There is a [strength], [direction] linear relationship between [variable1] & [variable2].

Interpreting correlations(r)

As [explanatory variable] increases by one [unit], the predicted [response variable] [increases/decreases] by [b] [units]. 

Slope of a regression line(b)

When [x-context] is zero, the predicted [y-context] is [a] [units]. 

Interpreting y-intercept of a regression line(a)

[y-hat] is the predicted value of [response variable y] when [explanatory variable] is [input amount]. 

Interpreting predicted value (y-hat)

The actual/true [y-context] is [higher/lower] than the predicted [y-context] by [residual].

Interpreting residuals

When using the LSRL, the predicted number of [y-context] is typically [s units] off from the actual number. 

Interpreting standard deviation of the residuals

About [r²]% of the variability in [y-context] is accounted for by the least-squares regression line. 

Interpreting coefficient of determination (r²)

Coefficient of determination (r²)

Shows how well the regression line accounts for variance within your collection of points.

stat, calc, 8

Finding regression line, r, and r² on calculator

stat, calc 8, use vars, Y-vars, function, y1

Storing and graphing the regression line

stat, calc, 8, to find linear regression line, then plot residual plot using stat plot, scatterplot, Xlist: L₁, Ylist: 2nd, stat, RESID, then Graph.

Graphing a Residual Plot

Categorical Variable

Names, labels

ex: marital status, eye color, race

Quantitative Variable

Makes sense to average

ex: height, test scores

Frequency

How many times something occurred

Marginal Distribution

Subset out of the whole sample.

Conditional Distribution

Parts out of a group/subgroup

Individuals

Subjects described by data set

Variable

Characteristic of individual

Association

One variable influences the other.

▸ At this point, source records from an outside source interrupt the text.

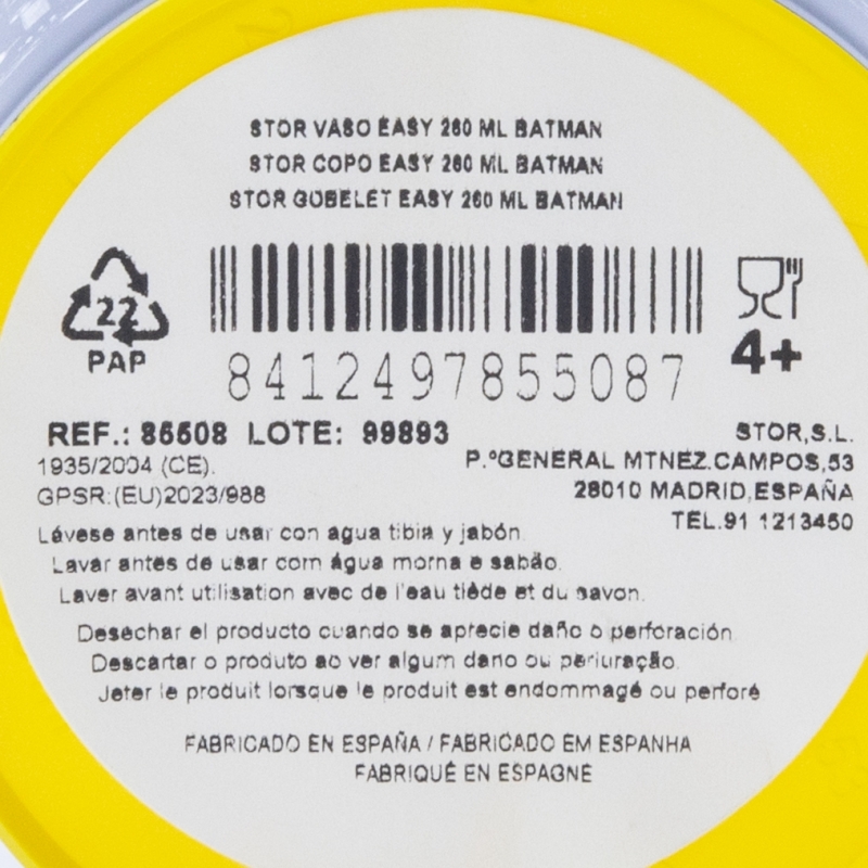 Vaso infantil de plástico reutilizable de 260 ml de BatmanDestinatario :
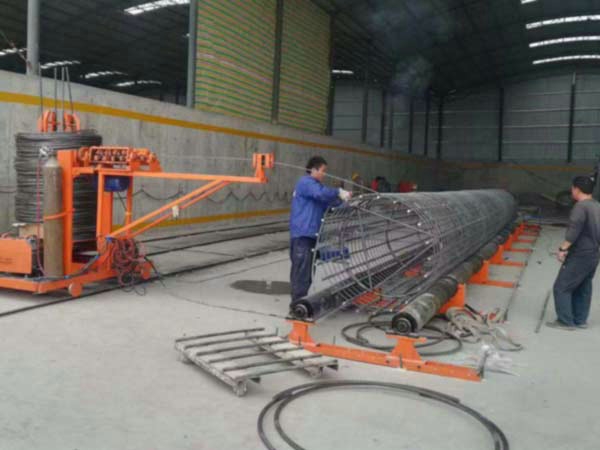 2、鋼筋籠12米以上,或者單節(jié)鋼筋籠較重時(shí),骨架中間加焊1、2圈纏繞筋替代第三個(gè)過渡箍?;蛑苯又虚g開始繞筋,另半截籠前面向中間纏繞連接完成。所以三個(gè)過渡箍的中間一個(gè)箍應(yīng)置放在中間靠后面的地方,借以減少?zèng)_擊振動(dòng)。退出輥輪并過渡到后面輥輪的方法--將過渡箍向后面推壓,讓過渡箍順膠輥旋轉(zhuǎn)到上面直到全部退出。準(zhǔn)備臺架;若采用骨架直接滾進(jìn)輥輪內(nèi)檔(小型鋼筋籠),骨架制作臺架高度與設(shè)備同高。
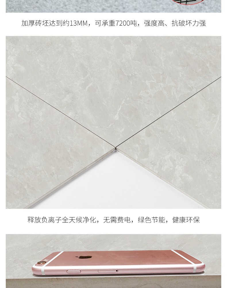 金曼古負離子瓷磚,能持續產生負離子,提高居室內空氣負離子濃度,改善室內空氣質量,提升人體健康水平。負離子被稱為空氣維生素,負離子瓷磚創造安全健康的空間環境。工程用磚全拋釉地磚、通體大理石瓷磚、金剛石地磚等支持加工定做家裝瓷磚批發。
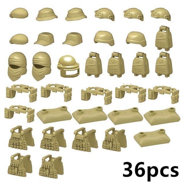 レゴ互換 装備品 36点セット 防弾チョッキ 武器 土嚢 カーキ色
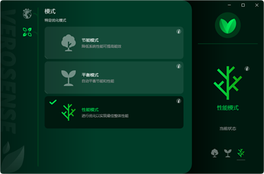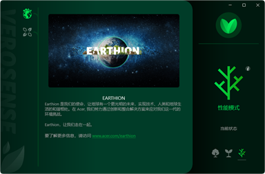 VeroSense 是 Acer 的内置软件,旨在帮助注重省电的用户实现更进一步的目标。 本应用程序为用户提供了三种性能模式以供选择:性能、平衡和节能。VeroSense 不仅环保而且使用方便,它提供了易用的用户界面和有用的信息,显示您正在为地球作出贡献。
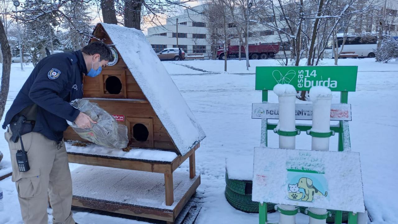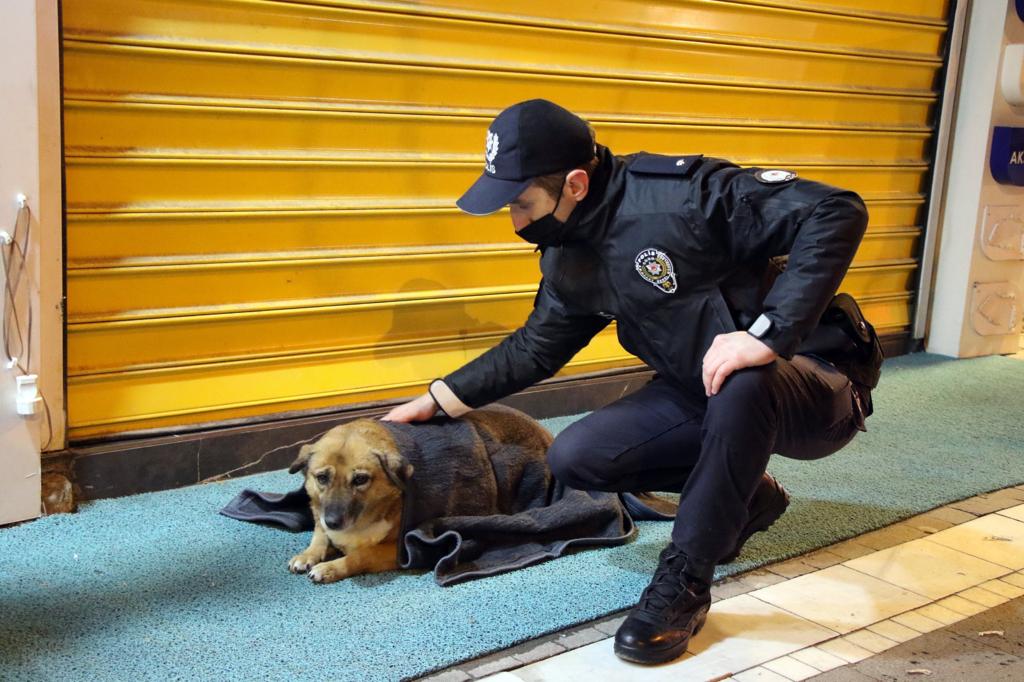 Hayvanlar için beslenme bölgelerine mama ve yiyecek bırakan polislerden bazılarının sokakta üşüyen köpeklerin üzerini battaniye ile örttüğü anlar fotoğraf karelerine yansıdı.

The two are associated, but do not use correlated instead of associated.

Stacked/Segmented Bar Graph

Displays all components of a whole on top of each other as part of a whole bar.

Mosaic Plot

Segmented bar graph but widens the bars to be proportional to their respective sample sizes.

Dot Plot

Each data value is shown as a dot above its respective value on a number line.

Stem and Leaf Plot

Vertical Bar Graph but denotes the points as numbers with EVENLY SIZED BUCKETS. 

Requires a key for the buckets, can just say “5-9” for one bucket

Bar Graph

Denotes the amount of people who answered each response by a vertical y axis.

Histogram

Divides points by frequency and graphs similar to a bar graph, but with conjoined bars and buckets.

MUST INCLUDE A KEY FOR THE BUCKET SIZES. Can be 5 - 9

SOCCS

Shape, Outliers, Center, Context, Spread

Shape

Noteworthy features of graph. Unimodal(one hump), Bimodal(two humps), multimodal(many humps), Skew, or irregular(doesn’t fit any description).

Skew

Distribution of individuals on one side or the other of a graph. Usually the lower, more severe portion of the graph determines the skew.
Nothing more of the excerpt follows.